Wolfgang Amadeus Mozart, 1756-1791
Quartet for Flute, Violin, Viola and Cello in D major, K. 285 1777
Mozart's genius as chamber composer rests on his mature masterworks for string quartet and quintet, but his total oeuvre comprises a rich diversity of ensembles. Several compositions feature strings and a guest from the wind family: the flute, clarinet, oboe or horn. Primarily dating from an early period before the first "Haydn Quartets", the chamber music for winds offers perfect and colorful delicacies with exquisite chamber textures and superbly idiomatic part-writing sensitive to the innate characteristics of each featured guest. While the unemployed Mozart traveled around Europe with his mother seeking opportunity, he received a commission from an amateur flautist in Mannheim named Ferdinand Dejean. The commission produced three flute quartets including the Quartet in D major, KV. 285 completed on December 25, 1777.

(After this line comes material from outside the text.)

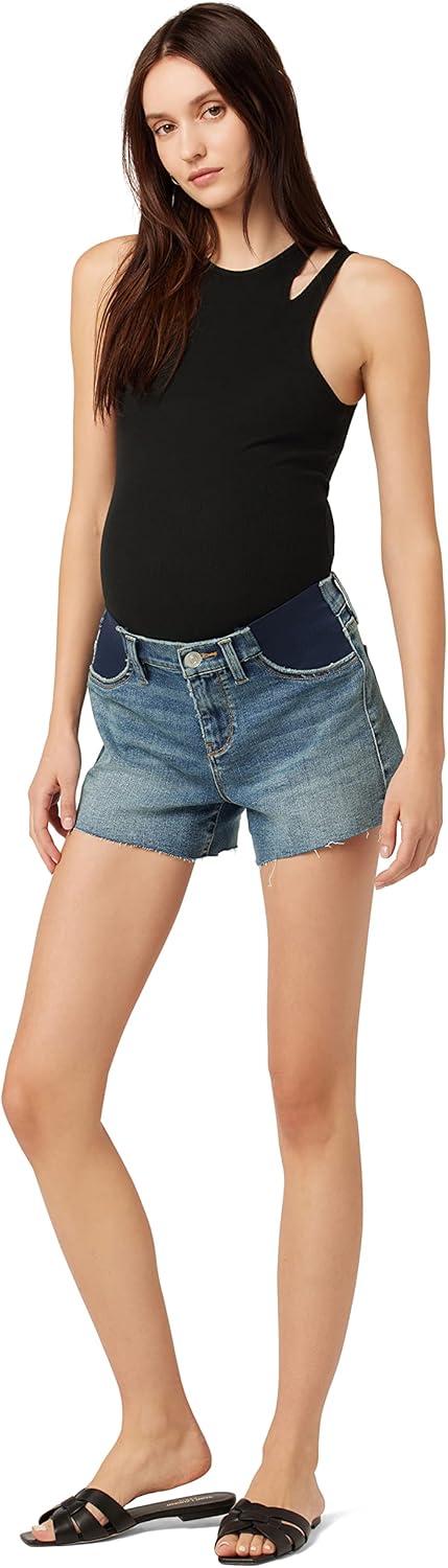 Designed with elastic panels for added comfort and support, our Gemma Maternity Mid-Rise Short in medium indigo Seasons is a mid-rise, relaxed-fit pair crafted from premium stretch denim with a cutoff hem and classic five-pocket details.

Like many of his early chamber compositions for a wind instrument, the flute quartet is primarily in "concertante" style where the flute enjoys the prominent role as the strings artfully accompany. Though a sort of a "chamber concerto", the ensemble is intimate, the textures transparent, with a vivid contrast of color and articulation yielding pleasures unique to the purest chamber music. The lightness and brevity of the quartet place it stylistically in that charming realm of the Rococo, a brief, gallant flourish representing a hybrid of the emerging early classical period with traces of the lingering Baroque.
The quartet is compact, with only three short movements, the last two joined without pause. The first movement is a clear and lively sonata with a wealth of themes, a terse development and a wonderfully elaborated recapitulation. The middle movement suspends motion and mood in a wistful serenade with delicate pizzicati speckling a pensive melody in the flute, evoking the Baroque or possibly some further antiquity of austere grace and poise. This demure reverie is just about to evaporate, when, without pause, the moment is seized by am exuberant finale rondo, utterly contemporary again in all its shimmering Rococo excitement. Between rondo refrain and intervening episode, there is but gaiety, and the frivolity of effortless perfection.